The Thomas-Kilmann is noted for its commitment to psychometrics, reflected in its commitment to the use of a question format that forces users to choose between only two possible options in responding. Although some users find this format annoying, authors Thomas and Kilmann retain it because it results, they say, in more accurate data. For a description of my own experience with the TKI, see my blog post on it.
If psychometrics is your over-riding concern, and issues such as user friendliness, cultural flexibility, and cost have little bearing for you, the Thomas-Kilmann is probably the right choice.
Cost is $19.50 per user. A trainer’s guide is available for $250.
The Intercultural Conflict Styles Inventory
Optimized for cultural analysis. The purpose of Mitch Hammer’s Intercultural Conflict Style Inventory is building capacity to understand cultural differences and do conflict resolution across cultures. Its questions and interpretive frameworks all revolve around this. If that’s your primary objective, there’s no better tool. The ICSI ranges in price from $16-$22 per user.
Style Matters
Optimized for Learning. As a trainer with academic background and deep commitment to building cross-cultural understanding, I care about psychometrics and cultural issues. But for me and, I believe, most trainers using Style Matters, those are not the key priorities in training.
I’m not interested in making definitive pronouncements about how people function in conflict and I discourage trainers from this. Rather, I want to give people a framework for evaluating dynamics of conflict, reviewing options, and making wise choices. For that purpose, trust in the tools of learning is a more important requirement than supreme psychometric reliability. That means arranging questions in ways that are not off-putting to users.
Nor am I interested in full-blown cultural comparison in most of the training I do. I simply need a conflict resolution training tool that people from a variety of cultural backgrounds feel comfortable with.

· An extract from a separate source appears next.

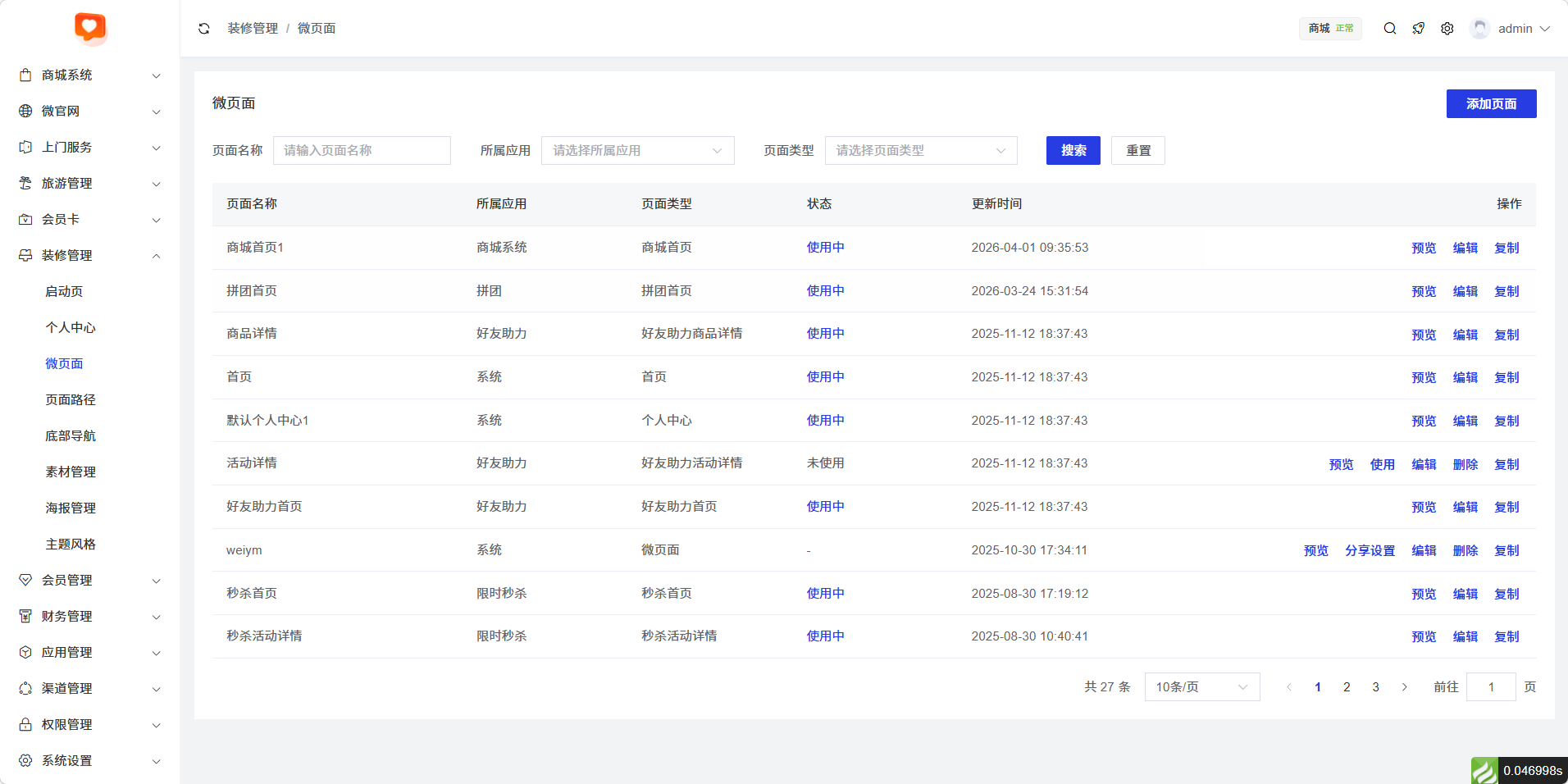 点击编辑可快速跳转到已创建好的微页面,进行编辑。

In developing Style Matters, I prioritized teaching effectiveness. I needed a tool that I could rely on in all kinds of settings to give learners a high quality learning experience. I wanted a simple, powerful tool to help learners think through their options in conflict, that gave highest authority to self-reflection, discussion, and feedback from others rather than to “rock-solid metrics”. And it needed to be cost affordable to all the groups I worked with.

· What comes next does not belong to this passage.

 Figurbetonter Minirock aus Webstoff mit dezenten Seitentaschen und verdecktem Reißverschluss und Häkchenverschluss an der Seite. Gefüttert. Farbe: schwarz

Although I had used the Thomas-Kilmann for several years and experienced its usefulness, I was frustrated by the resistance I regularly encountered around the wording of questions. I was also troubled by the discomfort of many participants from backgrounds outside the white, educated North American backgrounds of its authors. You can read more about this in my essay here.
Durable training tools mature and improve as authors revise them based on experience. The themes we’ve worked relentlessly to improve are:
- accessibility and familiarity for users (in order to build trust and credibility in the results)

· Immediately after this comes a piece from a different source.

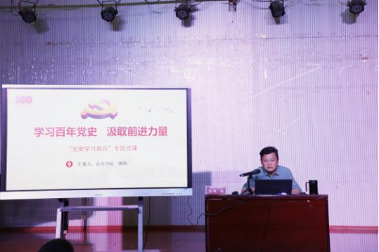 2021年7月2日17:00音乐学院团委、学生会、青协、新媒体中心2019级全体成员、2021年新发展团员预计50余人在音乐学院B403演播厅同今年的入党积极分子、发展对象一起,参加了由音乐学院党总支纳海书记主讲的“学习百年党史 汲取前进力量”的党史专题培训讲座。纳海书记强调了四史学习的重要性,不仅带领大家回顾了百年党史,还带大家学习了新中国史、改革开放史、社会主义发展史,教育大家要“以史为鉴,开创未来”,嘱咐团学骨干要认真学习习近平总书记的系列讲话精神、谨遵习近平总书记的教诲,做祖国的志气、骨气、底气,不负韶华,努力奋斗。

- cultural flexibility (achieved by offering users two different ways to frame questions)
- stress responsiveness (achieved by scoring users in both Calm and Storm conditions)
- clarity and simplicity of wording
- ease of use for trainers (achieved by providing free high-quality trainer guides)
- affordability (priced at about a third the cost of the TKI and ICSI)
Independent researchers did psychometric evaluation of Style Matters in 2007 and helped us tweak it for psychometric validity and reliability. But we signal users throughout that their own self-assessment and the feedback of those who know them well are what really count in determining their patterns. Numbers on a test are the first stop on a journey of self-awareness; they should not be considered the final destination.
Buy Style Matters here.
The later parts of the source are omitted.